14. Give a unit vector that points in the opposite direction to the vector
-i + 2k

16. Find two nonparallel vectors that are perpendicular to i - j + k

I would like an explination alot more than an answer
• September 3rd 2006, 02:39 PM
ThePerfectHacker
Quote:

Originally Posted by Ranger SVO

14. Give a unit vector that points in the opposite direction to the vector
-i + 2k

To find the unit vector divide by the norm (magnitude) which is,
$||\bold{v}||=\sqrt{1^2+2^2}=\sqrt{5}$
Thus,
$-\frac{1}{\sqrt{5}}\bold{i}+\frac{2}{\sqrt{5}}\bold {k}$
In the opposite direction means that is a negative of the vector.
Multiply by (-1) to get,
$\frac{1}{\sqrt{5}}\bold{i}-\frac{2}{\sqrt{5}}\bold{k}$.
• September 3rd 2006, 02:48 PM
ThePerfectHacker
Quote:

Originally Posted by Ranger SVO
16. Find two nonparallel vectors that are perpendicular to i - j + k

Any vector perpendicular (orthogonal) to another has its dot porduct zero.
Thus, you want to find a vector perpendicular to the given one.
If the components of the first vector are $v_1,v_2,v_3$
Then, you need that, (dot product)
$v_1-2v_2+v_3=0$

The second vector has components of $w_1,w_2,w_3$
Then you need that, (dot product)
$w_1-2w_2+w_3=0$

And they are not parrallet meaning $v_k$ and $w_k$ are not (scalar) multiples of each other.
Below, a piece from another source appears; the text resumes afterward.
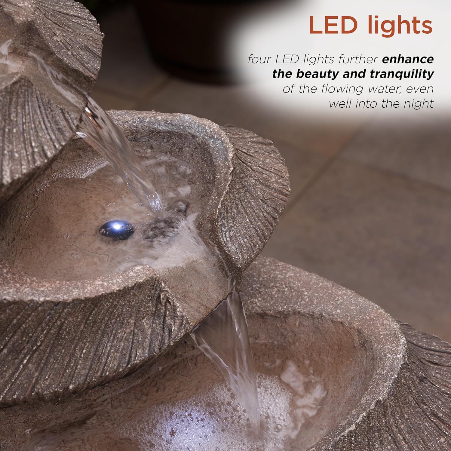- LED LIGHTS: Four LED lights further enhance the beauty and tranquility of the flowing water, even well into the night

There a infinitely many solutions to the first and second equation.
One such solution is,
$v_1=1,v_2=0,v_3=-1$
$v_2=2,v_1=1,w_3=0$
Note they are not multiples.
Thus,
$\bold{v}=\bold{i}-\bold{k}$
$\bold{w}=2\bold{i}-2\bold{k}$
• September 3rd 2006, 03:10 PM
Ranger SVO
Quote:

Originally Posted by ThePerfectHacker
To find the unit vector divide by the norm (magnitude) which is,
$||\bold{v}||=\sqrt{1^2+2^2}=\sqrt{5}$
Thus,
$-\frac{1}{\sqrt{5}}\bold{i}+\frac{2}{\sqrt{5}}\bold {k}$
In the opposite direction means that is a negative of the vector.
Multiply by (-1) to get,
$\frac{1}{\sqrt{5}}\bold{i}-\frac{2}{\sqrt{5}}\bold{k}$.

I should have seen that, thank you very much for your time.
• September 3rd 2006, 03:15 PM
CaptainBlack
Quote:

Originally Posted by ImPerfectHacker
...
There a infinitely many solutions to the first and second equation.
One such solution is,
$v_1=1,v_2=0,v_3=-1$
$v_2=2,v_1=1,w_3=0$
Note they are not multiples.
Thus,
$\bold{v}=\bold{i}-\bold{k}$
$\bold{w}=2\bold{i}-2\bold{k}$

Typos here, presumably we should have:

One such solution is,
$v_1=1,v_2=0,v_3=-1$
$w_1=2,w_2=1,w_3=0$
Note they are not multiples.
Thus,
$\bold{v}=\bold{i}-\bold{k}$
$\bold{w}=2\bold{i}+1\bold{j}$?

RonL